--- AVAILABLE DATA Enclosed Below ---

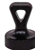
Avec œillet, noir
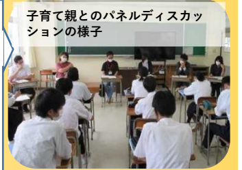
子育て親とのパネルディスカッ ションの様子

地域の魅力発 信や課題解決 に向けた実践 的活動を、地 域の方々と一 緒に行ってい ます。

--- End of Enclosed AVAILABLE DATA ---

- THE TASK
None of the pictures belong in the copy; transcribe the rest of the data exactly.

- RESPONSE
Avec œillet, noir
子育て親とのパネルディスカッ ションの様子

地域の魅力発 信や課題解決 に向けた実践 的活動を、地 域の方々と一 緒に行ってい ます。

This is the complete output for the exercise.